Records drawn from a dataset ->
____________________
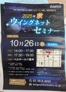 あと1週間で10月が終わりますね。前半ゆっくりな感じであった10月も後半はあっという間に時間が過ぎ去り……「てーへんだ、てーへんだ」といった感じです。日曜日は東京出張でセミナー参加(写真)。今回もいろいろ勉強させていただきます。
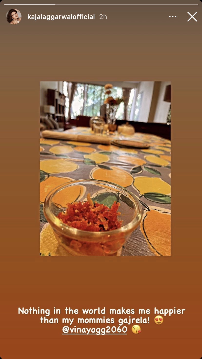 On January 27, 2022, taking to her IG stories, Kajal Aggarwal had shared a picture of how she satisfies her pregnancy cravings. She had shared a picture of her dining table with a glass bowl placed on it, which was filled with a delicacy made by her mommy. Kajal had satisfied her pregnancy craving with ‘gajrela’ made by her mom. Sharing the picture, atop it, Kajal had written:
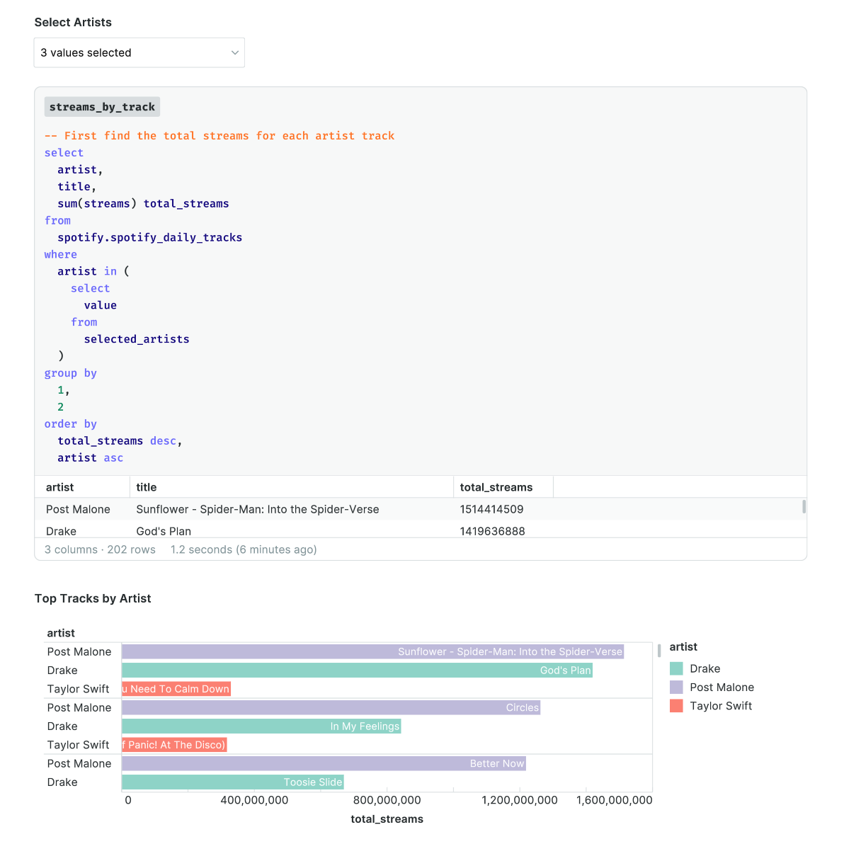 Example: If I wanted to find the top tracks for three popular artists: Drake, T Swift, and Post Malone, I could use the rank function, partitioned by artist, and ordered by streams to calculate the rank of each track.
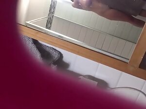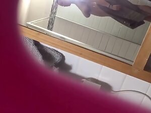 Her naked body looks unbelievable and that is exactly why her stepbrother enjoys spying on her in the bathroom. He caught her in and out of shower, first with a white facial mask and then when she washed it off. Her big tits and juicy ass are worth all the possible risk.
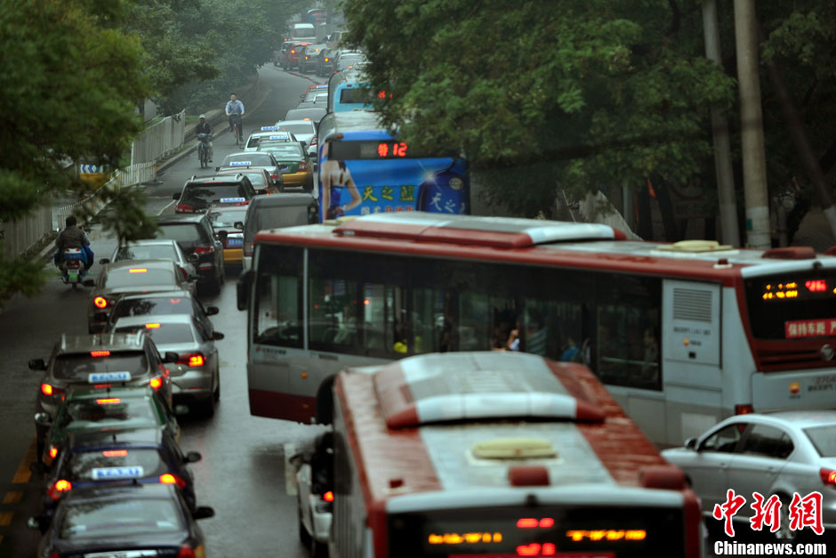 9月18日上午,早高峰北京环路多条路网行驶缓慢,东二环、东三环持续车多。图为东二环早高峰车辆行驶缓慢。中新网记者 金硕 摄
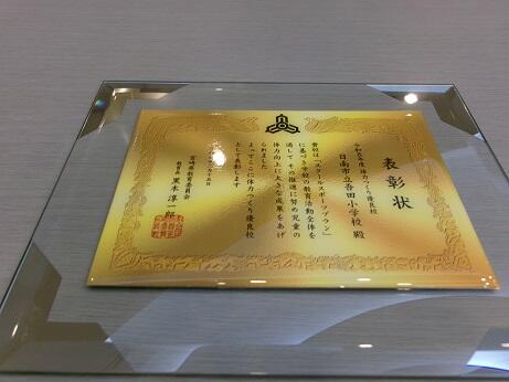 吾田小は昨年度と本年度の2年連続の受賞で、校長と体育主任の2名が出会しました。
____________________
Task prompt -> Set every record down verbatim. No pictures belong in the copy.

Response to the exercise ->
 あと1週間で10月が終わりますね。前半ゆっくりな感じであった10月も後半はあっという間に時間が過ぎ去り……「てーへんだ、てーへんだ」といった感じです。日曜日は東京出張でセミナー参加(写真)。今回もいろいろ勉強させていただきます。
 On January 27, 2022, taking to her IG stories, Kajal Aggarwal had shared a picture of how she satisfies her pregnancy cravings. She had shared a picture of her dining table with a glass bowl placed on it, which was filled with a delicacy made by her mommy. Kajal had satisfied her pregnancy craving with ‘gajrela’ made by her mom. Sharing the picture, atop it, Kajal had written:
 Example: If I wanted to find the top tracks for three popular artists: Drake, T Swift, and Post Malone, I could use the rank function, partitioned by artist, and ordered by streams to calculate the rank of each track.
 Her naked body looks unbelievable and that is exactly why her stepbrother enjoys spying on her in the bathroom. He caught her in and out of shower, first with a white facial mask and then when she washed it off. Her big tits and juicy ass are worth all the possible risk.
 9月18日上午,早高峰北京环路多条路网行驶缓慢,东二环、东三环持续车多。图为东二环早高峰车辆行驶缓慢。中新网记者 金硕 摄
 吾田小は昨年度と本年度の2年連続の受賞で、校長と体育主任の2名が出会しました。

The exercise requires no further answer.